▶ **Aim of the exercise**: Leaving out all pictures, write down exactly the lines from the one containing "Antique .51ct Sapphire" through the last line of the material.
-------- Records to process --------
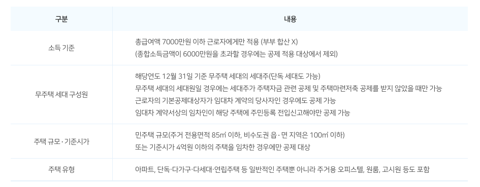 - 또한, 근로자가 해당 주택에 주민등록 전입신고를 완료해야만 공제 신청이 가능하다는 점을 잊지 마세요.
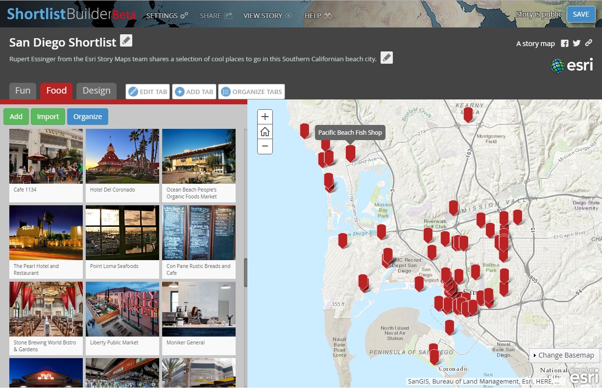 The Story Map Shortlist (beta) app lets you present places of interest organized into tabs, making it fun and easy for people to explore what’s in an area. Shortlist was previously only available as a code download that you needed to host on your own server. With this release Shortlist is available in ArcGIS Online and features an interactive builder that makes it easy to author. The app also has a refreshed look with support for larger images. You can see an example here.
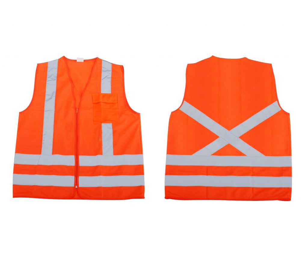 Colete de sinalização de alta visibilidade, com 1 bolso. Confeccionado em tecido fluorescente 100% poliéster, combinado com faixas retrorrefletivas repelentes de água em X, com paralelas horizontais nas costas, verticais e horizontais na parte frontal, fechamento frontal em zíper.
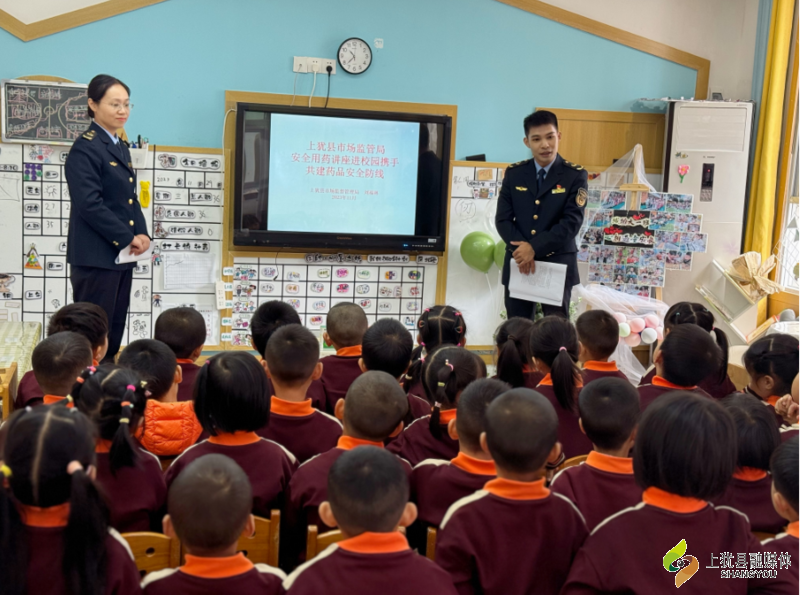 藥品安全進(jìn)校園,社校共育文明花。上猶縣市監(jiān)局藥械化股工作人員來到上猶縣第一幼兒園,通過觀看安全用藥用妝卡通視頻宣傳片、有獎(jiǎng)問答、發(fā)放宣傳單等方式,讓老師和小朋友了解安全用藥常識,通過“小手拉大手”、制作發(fā)布活動公益短視頻提升大家安全用藥的意識和能力,筑牢家庭安全用藥防線。
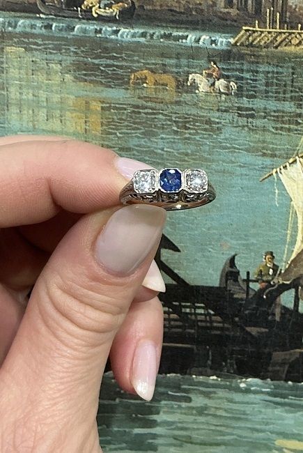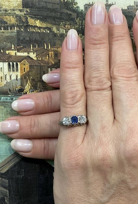 Antique .51ct Sapphire Engagement Ring in 18kt White Gold
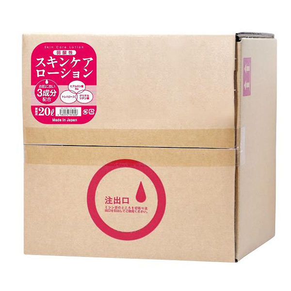 敏感肌や女性に嬉しい弱酸性のスキンケアローション20L。ヒアルロン酸やトレハロース、グリチルリチン酸といった3種類の保湿成分を配合!レジャー施設や風俗店に最適な大容量サイズ。詰め替え用としてもお使いいただけます♪※大型商品の為、送料が別途必要になります |
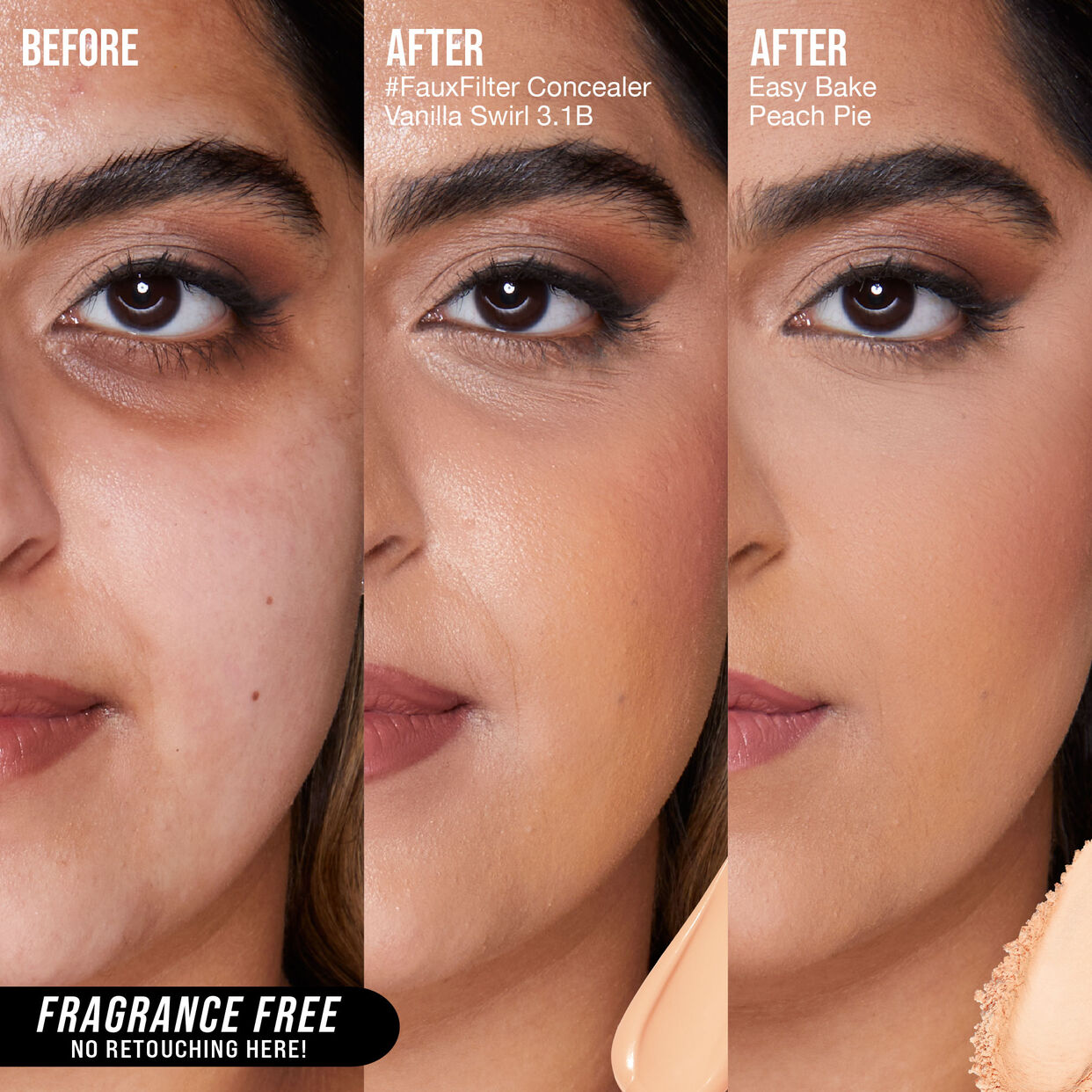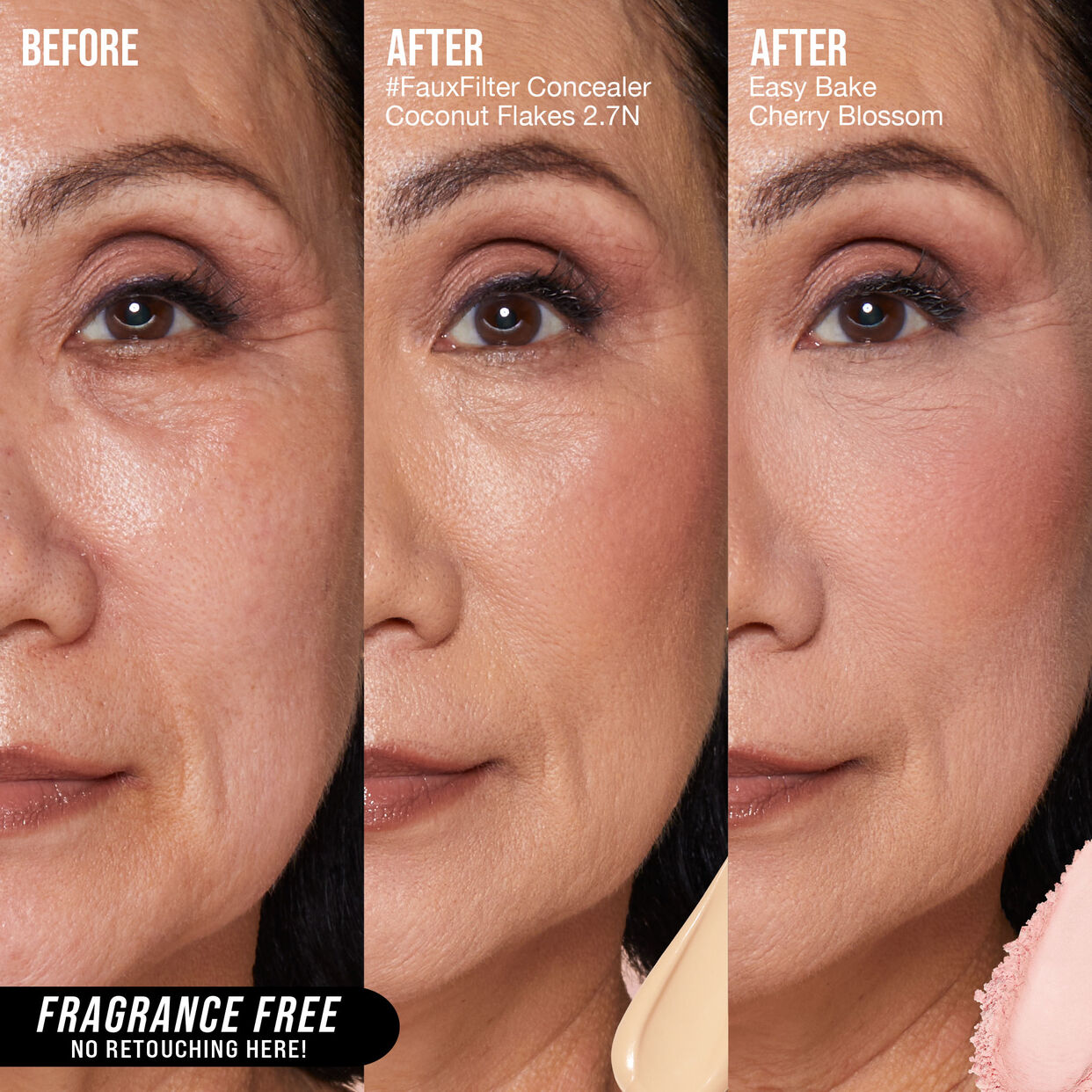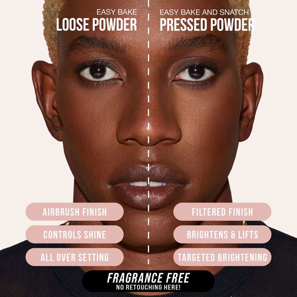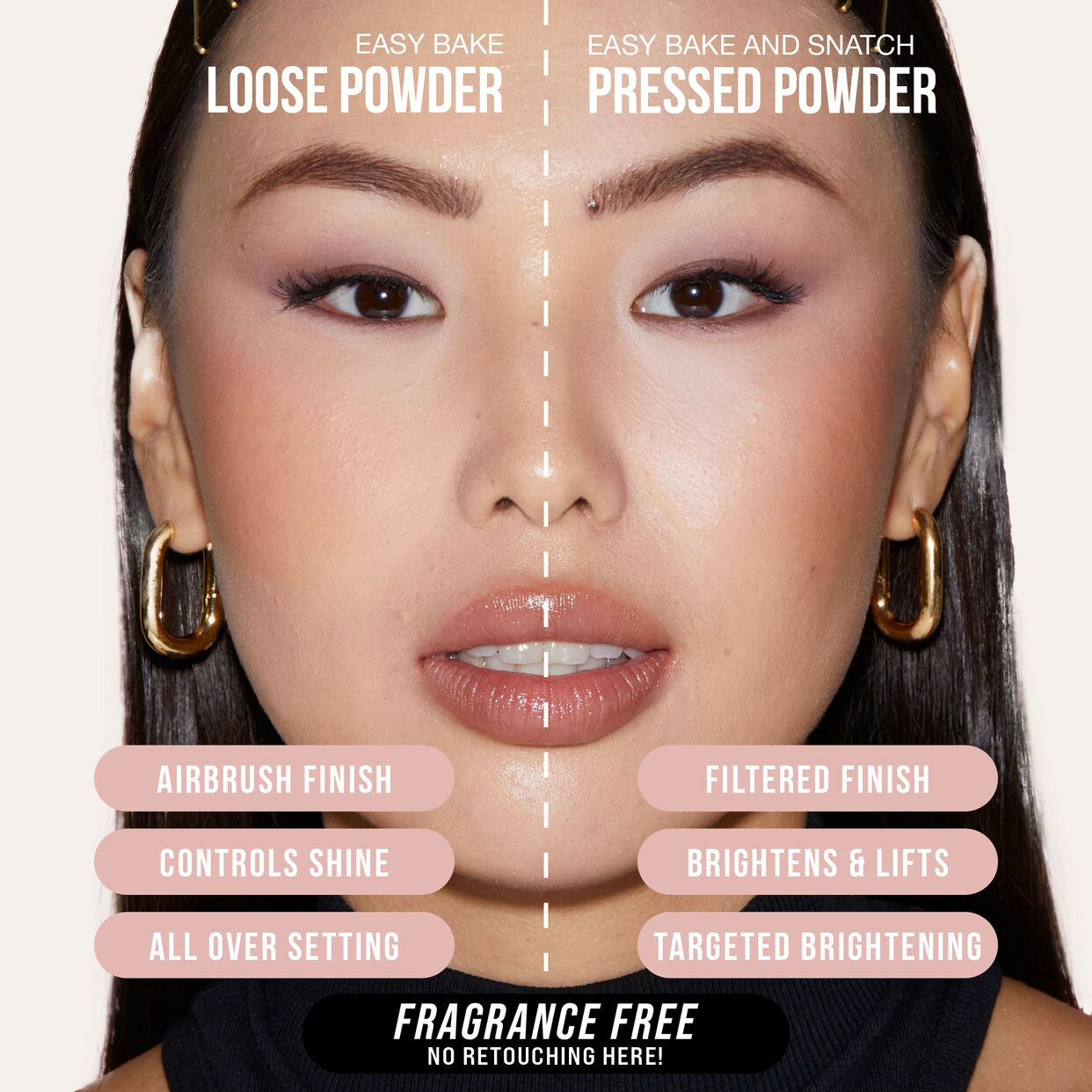 A dusting of Easy Bake leaves a translucent veil on the skin creating a matte finish that controls shine, color corrects, and highlights the different contours of the face without creasing or fading - the ultimate step to an airbrushed finish.
--------
▶ **Response box**:
 Antique .51ct Sapphire Engagement Ring in 18kt White Gold
 敏感肌や女性に嬉しい弱酸性のスキンケアローション20L。ヒアルロン酸やトレハロース、グリチルリチン酸といった3種類の保湿成分を配合!レジャー施設や風俗店に最適な大容量サイズ。詰め替え用としてもお使いいただけます♪※大型商品の為、送料が別途必要になります |
 A dusting of Easy Bake leaves a translucent veil on the skin creating a matte finish that controls shine, color corrects, and highlights the different contours of the face without creasing or fading - the ultimate step to an airbrushed finish.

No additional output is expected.